Newsweek, June 17 The eBay cover story debunks the notion that the sprawling online marketplace can revolutionize the universe. True, it makes pesky laws of supply and demand disappear: You can find anything, and anything can find you (or another willing buyer). But ultimately, it’s just a whole lot of empty transactions, and all the Scooby Doo mugs in the world aren’t going to make people happy. A piece says FBI agents aren’t thrilled with new rules allowing them to investigate suspicious people who haven’t been tied to specific crimes. Obvious surveillance of, say, mosques might simply push terrorist cells further underground. An article can’t decide whether to praise shoplifter/actor Winona Ryder or feel sorry for her. A few anonymous Hollywood “stars” say she’s yesterday’s news and was always “kind of odd” anyway, but on-the-record commentators (mostly associated with her upcoming movies) say she’s a real nice girl with enormous talent.— J.D.

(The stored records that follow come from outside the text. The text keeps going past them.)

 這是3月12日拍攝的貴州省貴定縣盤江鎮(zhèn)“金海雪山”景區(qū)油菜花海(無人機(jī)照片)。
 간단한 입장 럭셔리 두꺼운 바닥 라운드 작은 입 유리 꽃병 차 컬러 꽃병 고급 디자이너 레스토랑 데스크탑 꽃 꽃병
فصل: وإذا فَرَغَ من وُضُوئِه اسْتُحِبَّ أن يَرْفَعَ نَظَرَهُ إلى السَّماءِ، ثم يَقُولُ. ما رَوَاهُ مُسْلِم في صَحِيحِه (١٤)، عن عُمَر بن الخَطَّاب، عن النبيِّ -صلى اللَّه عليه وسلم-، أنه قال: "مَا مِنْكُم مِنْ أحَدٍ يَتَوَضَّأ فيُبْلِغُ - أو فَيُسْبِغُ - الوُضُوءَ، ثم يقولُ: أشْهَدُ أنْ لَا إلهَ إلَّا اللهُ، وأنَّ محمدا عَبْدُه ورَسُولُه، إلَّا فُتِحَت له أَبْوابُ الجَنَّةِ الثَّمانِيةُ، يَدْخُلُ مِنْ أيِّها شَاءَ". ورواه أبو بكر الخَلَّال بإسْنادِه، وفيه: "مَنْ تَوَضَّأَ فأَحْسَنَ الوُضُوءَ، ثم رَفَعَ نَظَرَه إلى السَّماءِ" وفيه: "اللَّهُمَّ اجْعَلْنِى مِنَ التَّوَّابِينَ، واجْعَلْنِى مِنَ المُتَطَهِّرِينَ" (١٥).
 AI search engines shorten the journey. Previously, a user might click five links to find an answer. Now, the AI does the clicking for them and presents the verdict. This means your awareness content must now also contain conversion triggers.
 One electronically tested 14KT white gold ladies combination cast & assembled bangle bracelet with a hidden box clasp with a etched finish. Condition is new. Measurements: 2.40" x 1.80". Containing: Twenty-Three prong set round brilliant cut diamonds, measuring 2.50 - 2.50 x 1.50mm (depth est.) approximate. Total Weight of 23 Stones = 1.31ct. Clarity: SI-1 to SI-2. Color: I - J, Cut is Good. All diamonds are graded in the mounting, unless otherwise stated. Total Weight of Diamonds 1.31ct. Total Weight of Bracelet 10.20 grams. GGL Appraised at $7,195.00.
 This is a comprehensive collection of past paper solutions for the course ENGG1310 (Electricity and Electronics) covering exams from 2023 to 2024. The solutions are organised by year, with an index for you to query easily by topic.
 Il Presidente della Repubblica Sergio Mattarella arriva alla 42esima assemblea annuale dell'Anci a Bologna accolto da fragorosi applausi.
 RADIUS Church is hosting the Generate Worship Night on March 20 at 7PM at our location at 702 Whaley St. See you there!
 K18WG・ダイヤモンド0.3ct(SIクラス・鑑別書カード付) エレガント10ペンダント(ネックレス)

The New Yorker, June 17 and 24 The summer fiction issue, themed on the family (and parental death in particular). Grace Paley explores regret in a story about her aging father. Steve Martin finds redemption in his distant father’s soul-searching deathbed scene. Donald Antrim copes with his mother’s demise by shopping obsessively for a new bed. Alice Munro describes how her World War II girlhood led her to books. Thomas Keneally, once a candidate for the priesthood, explains how he became disillusioned with the church.— J.D.

Weekly Standard, June 17 An article decries Sen. Arlen Specter’s concerns about our government’s desire to spy on people visiting the United States just because the FBI thinks they might be terrorists. Of the possibility of our country becoming a police state, it says, “we have a right to expect as much, at minimum.” While the press is still abuzz about the Homeland Security speech, a piece calls attention to a virtually ignored talk President Bush delivered at West Point recently in which he outlined the theme of “pre-emption” against Iraq and, more controversially, articulated his belief that Islamic countries will need to become democratic eventually. … A story argues against case-by-case disciplinary evaluations of priests “who behave as pedophiles.” They should be defrocked immediately, it says, since there is no empirical proof that sex offenders are capable of reform.—S.G.

The Nation, June 17
The cover package centers on nuclear disarmament: An article argues that America’s insistence on maintaining a permanent nuclear arsenal is a “formula for nuclear proliferation.” Another piece laments the decline of disarmament activism in the 1990s but suggests efforts may be picking up steam. A long feature prescribes a remedy for the waning influence of unions: “Open-source unionism” claims that organization can benefit workers even if a minority of employees unionize. It emphasizes the Internet as an untapped and cost-efficient means for publicity and recruitment. A commentary touts a market-based approach to abolishing sweatshops. It focuses on teamX, a worker-owned apparel company—think “fair trade” coffee—that pays a high-minimum wage, caps executive salaries at eight times the salary of its least-paid employees, and “intends to make a profit, grow and spread its progressive seed.” The company’s CEO expects it to break even by July.—D.R.